LLM07: Insecure Plugin Design
LLM plugins automatically execute during user interactions and often lack input validation, exposing them to malicious attacks, including remote code execution. These risks are heightened by weak access controls. While this focuses on self-created LLM plugins, third-party plugin vulnerabilities are categorized separately.
♦ GitHub Copilot does not rely on third-party LLM plugins, avoiding the potential vulnerabilities associated with them.
LLM08: Excessive Agency
LLM-based systems can autonomously interact with other systems.
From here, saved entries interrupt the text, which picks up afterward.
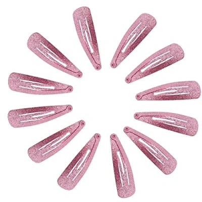 Topkids Accessories Glitter Hair Snap Clips Glittery Girls Children Women Kids Clip Sparkly Slides Fringe Party Sectioning Bendies Sleepies 5cm / 2" (12 Pink Glitter)
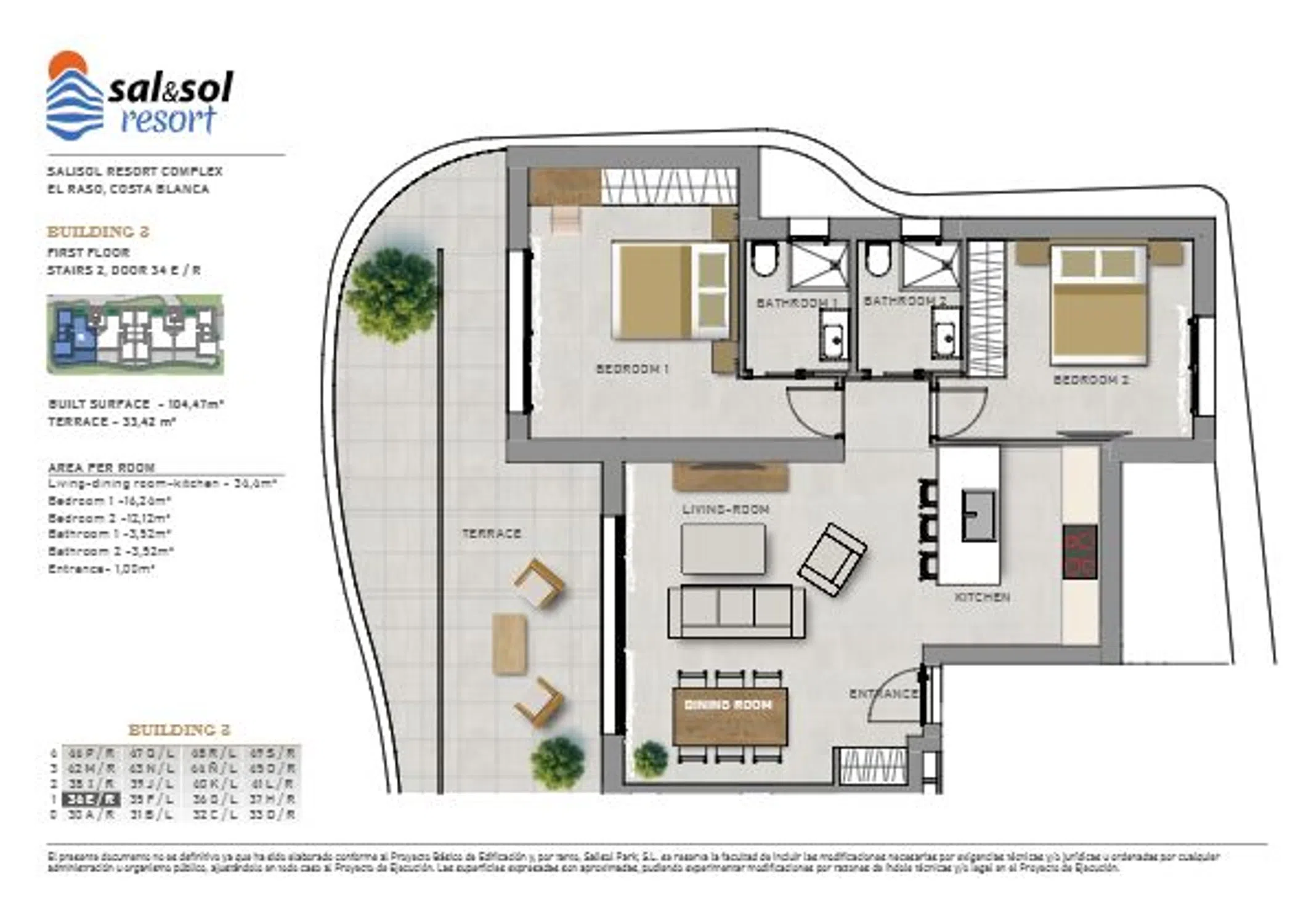 Descubre el exclusivo complejo Sal&Sol Resort en Guardamar del Segura, donde la elegancia se fusiona con la comodidad. Este moderno desarrollo presenta apartamentos de diseño de 2 dormitorios y 2 baños, con tamaños que alcanzan hasta los 235m2 y 5 villas adosadas de 3 dormitorios, 2 baños y un aseo de cortesía. Ubicado en una zona protegida de parques con jardines de cítricos y lagunas salinas, el complejo ofrece amplias terrazas que brindan impresionantes vistas al mar. Ideal para aquellos que buscan un hogar durante todo el año, nómadas digitales en busca de inspiración, o inversores que desean oportunidades de alquiler, SaliSol Resort se destaca por su versatilidad y calidad de vida excepcional. El complejo, rodeado de naturaleza, cuenta con una piscina climatizada, área verde y gimnasio disponible todo el año. Además, ofrece comodidades como un espacio de coworking, oficina inteligente, punto de café las 24 horas y carga para autos y scooters eléctricos. La conexión a Internet de fibra óptica de alta velocidad garantiza una conectividad óptima en todo momento. El diseño arquitectónico es otro punto destacado, con una fachada ondulada única creada por arquitectos de renombre de Dubái. Techos altos y ventanas panorámicas ofrecen una luminosidad excepcional. Las cocinas completamente equipadas con electrodomésticos de alta gama añaden un toque de lujo. Cada habitación está equipada con aire acondicionado central para un confort óptimo. La calidad de vida en Guardamar es insuperable, con una pluviometría baja, temperaturas mediterráneas a lo largo del año y una rica oferta de actividades deportivas. Desde deportes acuáticos hasta instalaciones deportivas de última generación, Guardamar del Segura se presenta como el lugar ideal para disfrutar de la vida activa en cualquier temporada. Con inmejorables conexiones a municipios circundantes y fácil acceso a importantes vías como la N332 y la AP-7, el aeropuerto se encuentra a menos de 30 minutos en coche. Descubre el estilo de vida único que Sal&Sol Resort tiene para ofrecer en la codiciada Guardamar del Segura. ¡Contáctanos hoy para programar tu visita y hacer de este lugar tu nuevo hogar!
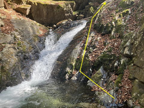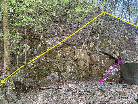 ▲高巻きのライン(黄色)と堰堤越えのライン(ピンク)。
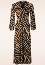 ”Pop some colour!” Deze pracht van een jurk is uitgevoerd in een soepele en stretchy, gladde slinky stof met kleurrijke animal stripes in blauw, geel en bruin, voorzien van een StayFresh coating. * Maxi jurk * V-hals * Lange mouwen met elastiek * Gevoerd tot over de heupen * Knoopdetail in de taille * Geen rits of knopen; aantrekken en ready to go! * Split aan de voorzijde * Valt bij een lengte van 1,70 m tot boven de enkel
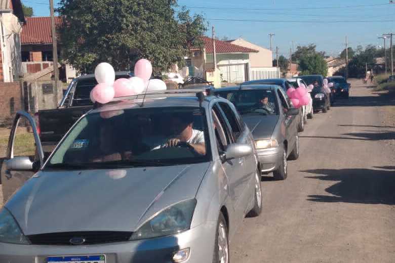 Em meio à pandemia e diante da impossibilidade de fazer o tradicional chá de bebê, familiares e amigos de uma gestante moradora do Bairro Esmeralda em Santa Cruz do Sul, resolveram improvisar. Na tarde deste domingo, eles organizaram uma carreata que passou em frente à casa da futura mamãe para deixar os presentes e demonstrações de carinho.
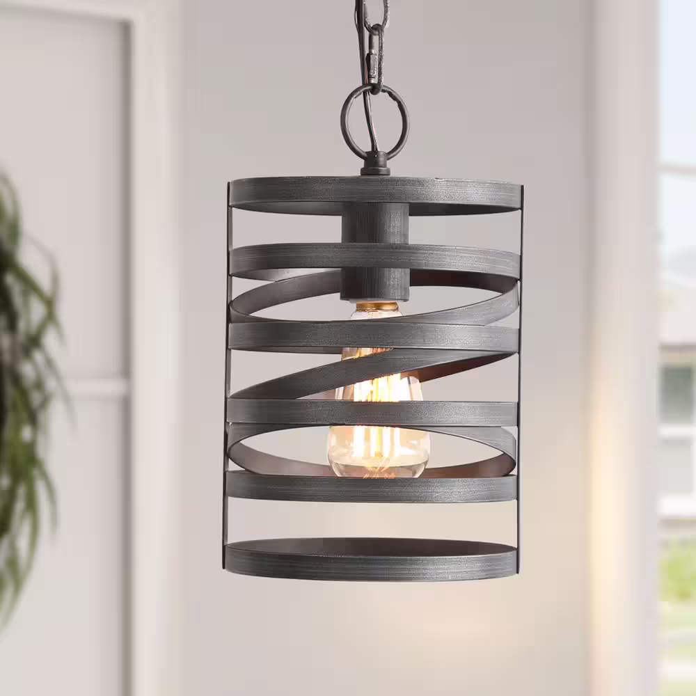 LNC Brushed Gray Modern 1-Light Pendant Drum Cage Kitchen Island High Ceiling Light
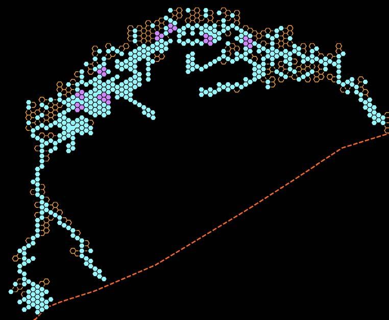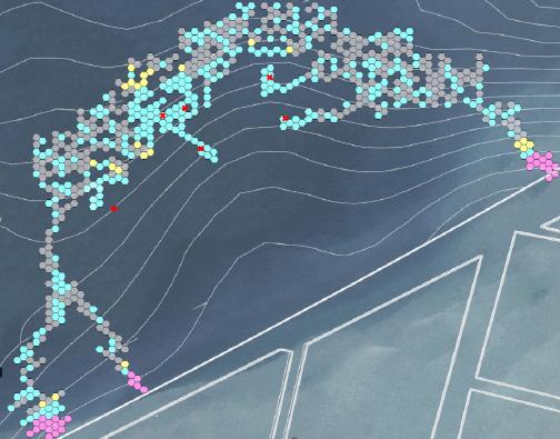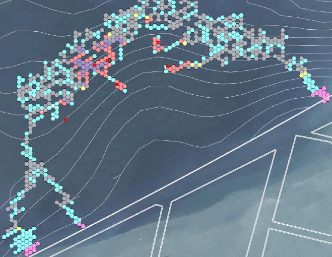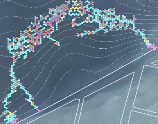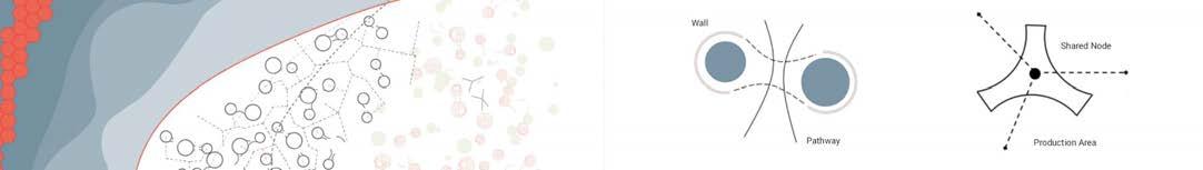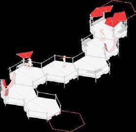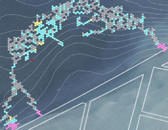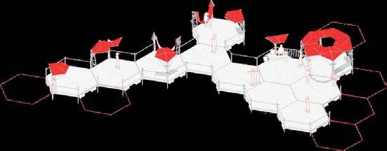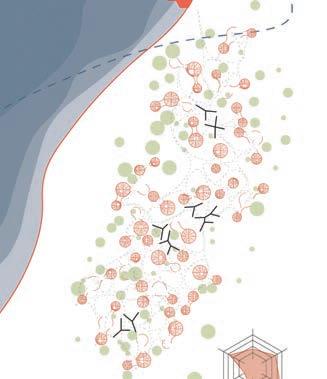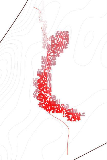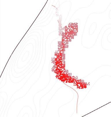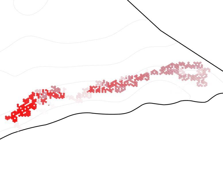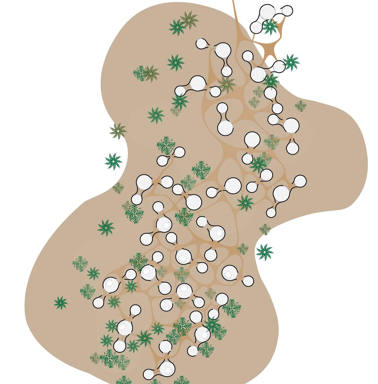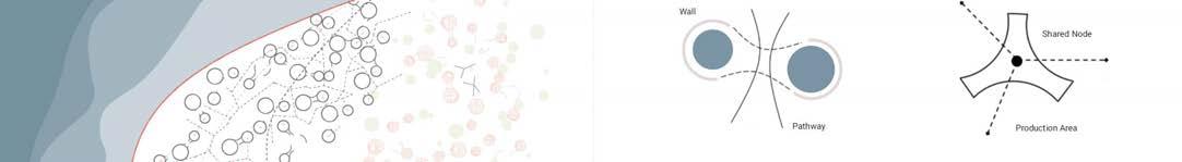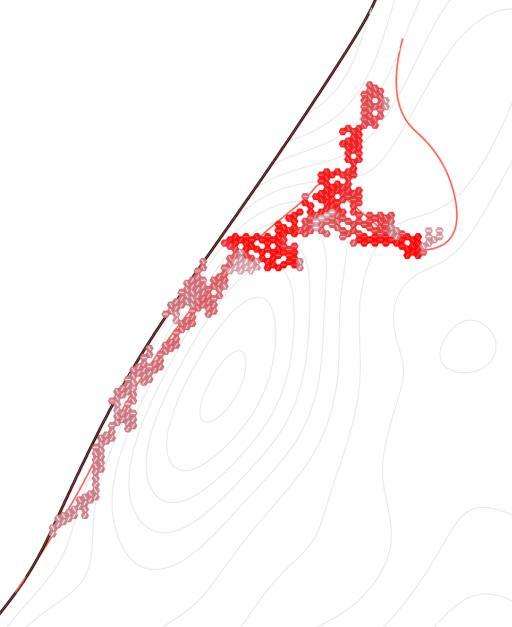 From these updated intervention points, new routes are generated and aggregated using the base state of platform modules in their inactive configuration. These aggregations initially exist as spatial potentials rather than active infrastructure, defining possible pathways, clusters, and nodes without immediate programme assignment. The aggregation sets illustrated in the accompanying images are then subjected to a subsequent phase of spatial activation, during which specific scenarios are selected, and modules are reactivated according to seasonal and operational requirements.
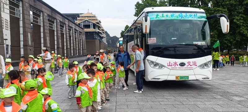 “请各位同学系好安全带,,,,,,,我们准备出发了!”10月23日,,,,,,,阳朔山水公司旅运公司7辆48座新能源大巴车载着300余名师生,,,,,,,从平乐实验中学出发前往阳朔如意峰开启研学之旅。。。。。。。
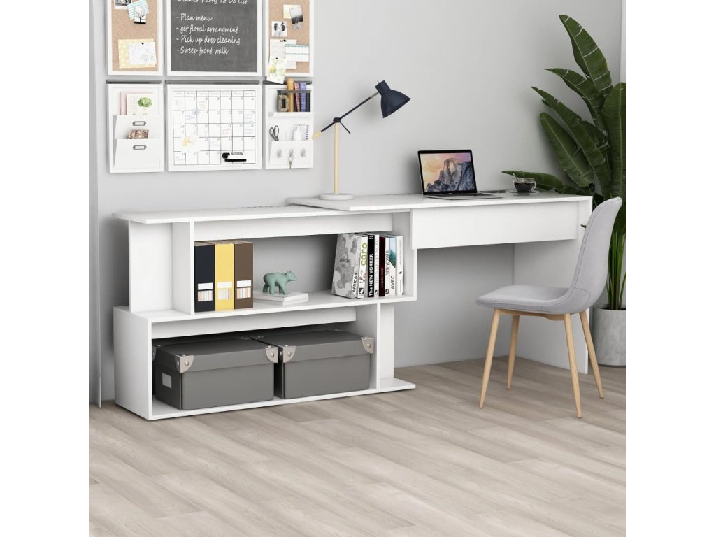 Multidom Rohový stôl, biely 200x50x76 cm, kompozitné drevo
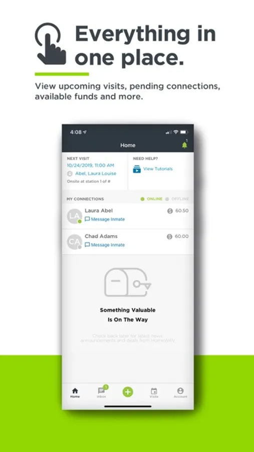 - Once logged in, the inmate will see you are available and can initiated a phone call, video call or message (*If allowed by facility).

The “Excessive Agency” vulnerability arises when these systems take harmful actions due to unclear outputs, often resulting from too much autonomy or permissions.
♦ GitHub Copilot is designed with limited autonomy and specifically tailored outputs, primarily providing code suggestions and completions. It does not initiate interactions with external systems or take actions beyond the scope of code generation. Its functionality is confined to the context of the developer’s IDE, which mitigates the risk of “Excessive Agency.” Also, Copilot does not have permissions to make changes autonomously, ensuring that the end user always has the final say in accepting or rejecting its suggestions.
LLM09: Overreliance
Reliance on LLMs can lead to accepting erroneous information they produce, causing security issues and misinformation. LLM-generated code can introduce vulnerabilities. It is essential to have strict reviews, validation mechanisms, and risk disclaimers.
♦ GitHub Copilot generates suggestions based on public code repositories, which can sometimes contain insecure or outdated coding patterns. To address this, GitHub introduced an AI system to block insecure patterns, focusing on common vulnerabilities like SQL injections. Despite these advancements, users are advised to use GitHub Copilot in conjunction with thorough testing, code reviews, security tools, and personal judgment.
LLM10: Model Theft
LLM applications can inadvertently disclose sensitive information or proprietary details through their outputs, leading to potential security breaches, including unauthorized access to data and privacy violations.
♦ User engagement data is shared with Microsoft, but GitHub Copilot for Business does not store prompts or code snippets. Transmitted data is encrypted, and private code is not suggested to other users.
Okay, So Is It Secure Or Not?
Of course, my answer is: It depends.
First, I do not recommend GitHub Copilot for individual users if they are using it at work for a company, mainly because they would have to manage their own policies and certain policies are only available for Business accounts.
Second, although Copilot does have the ability to block suggestions matching public code and GitHub does offer a vulnerability filtering system to prevent vulnerabilities from being suggested in code, it is still susceptible to producing vulnerabilities in code.
Therefore, I recommend developers also use a security code scanning tool along side GitHub Copilot. Snyk, a developer centric platform, offers a free IDE extension that can be used to scan all output generated. This tool, utilized in parallel with GitHub Copilot will assist in preventing vulnerable output provided in any developer’s code base.
Conclusion
The integration of AI tools like GitHub Copilot into software development processes presents an exciting frontier for enhancing efficiency and innovation. However, it is essential to approach these tools with a security-first mindset, addressing potential vulnerabilities and ensuring the safe handling of sensitive information.
My examination of GitHub Copilot, grounded by the OWASP framework, confirms its possibility as a secure tool for developers. As the technology landscape continues to progress and evolve, maintaining an open dialogue about security best practices will remain crucial. So, what do you think?